I also see now a different core dump after I restart ARDB from the previous crash (aka with hot data) and use redis-benchmark
Program terminated with signal SIGSEGV, Segmentation fault.
#0 0x00000000006eada2 in std::default_delete<rocksdb::SliceTransform>::operator() (this=<optimized out>, __ptr=0x7fc08d004040) at /usr/include/c++/5/bits/unique_ptr.h:76
76 /usr/include/c++/5/bits/unique_ptr.h: No such file or directory.

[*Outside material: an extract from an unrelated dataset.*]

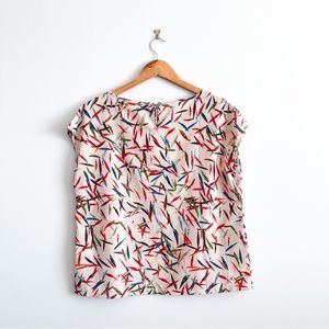 Molly Bracken Bamboo-Print Short-Sleeve Blouse Women's L NWOT

[Current thread is 1 (Thread 0x7fc088dff700 (LWP 410))]
(gdb) bt
#0 0x00000000006eada2 in std::default_delete<rocksdb::SliceTransform>::operator() (this=<optimized out>, __ptr=0x7fc08d004040) at /usr/include/c++/5/bits/unique_ptr.h:76
#1 std::unique_ptr<rocksdb::SliceTransform, std::default_delete<rocksdb::SliceTransform> >::~unique_ptr (this=0x7fc08d645378, __in_chrg=<optimized out>) at /usr/include/c++/5/bits/unique_ptr.h:236
#2 rocksdb::BlockBasedTable::Rep::~Rep (this=0x7fc08d645200, __in_chrg=<optimized out>) at table/block_based_table_reader.cc:423
#3 rocksdb::BlockBasedTable::~BlockBasedTable (this=<optimized out>, __in_chrg=<optimized out>) at table/block_based_table_reader.cc:509
#4 0x00000000006eaff1 in rocksdb::BlockBasedTable::~BlockBasedTable (this=0x7fc08d61e320, __in_chrg=<optimized out>) at table/block_based_table_reader.cc:510
#5 0x000000000066e71b in rocksdb::LRUHandle::Free (this=0x7fc08d672f50) at ./util/lru_cache.h:108
#6 rocksdb::LRUCacheShard::Erase (this=0x7fc08eb76b30, key=..., hash=3052707373) at util/lru_cache.cc:411
#7 0x000000000060b648 in rocksdb::TableCache::Evict (cache=<optimized out>, file_number=23942) at db/table_cache.cc:406
#8 0x000000000059d939 in rocksdb::DBImpl::PurgeObsoleteFiles (this=this@entry=0x7fc08907f000, state=..., schedule_only=schedule_only@entry=false) at db/db_impl.cc:1113
#9 0x00000000005a8a35 in rocksdb::DBImpl::BackgroundCallCompaction (this=0x7fc08907f000, arg=<optimized out>) at db/db_impl.cc:3386
#10 0x000000000069827d in std::function<void ()>::operator()() const (this=0x7fc088dfebe0) at /usr/include/c++/5/functional:2267
#11 rocksdb::ThreadPoolImpl::Impl::BGThread (this=this@entry=0x7fc08ebc50e0, thread_id=thread_id@entry=8) at util/threadpool_imp.cc:235
#12 0x000000000069846d in rocksdb::ThreadPoolImpl::Impl::BGThreadWrapper (arg=0x7fc08ea47050) at util/threadpool_imp.cc:259
#13 0x00007fc08f8d8c80 in ?? () from /usr/lib/x86_64-linux-gnu/libstdc++.so.6
#14 0x00007fc0901db6ba in start_thread (arg=0x7fc088dff700) at pthread_create.c:333
#15 0x00007fc08f03e82d in clone () at ../sysdeps/unix/sysv/linux/x86_64/clone.S:109
Again to debug the above it should be fairly simple. Let the following run until you got 40GB
redis-benchmark -p 22122 -c 10 -d 1024 -n 500000000 -t set -r 500000000
I am trying to stress test ARDB. It seems after using redis-benchmark heavily ARDB dies
However, I cannot find out the core dump to debug. I am assuming there is some leak. Any advice would be highly appreciated. The log file are not informative about an
ERROR
I am using
/tmp
for the code dumps but the folder does not have any core dumps.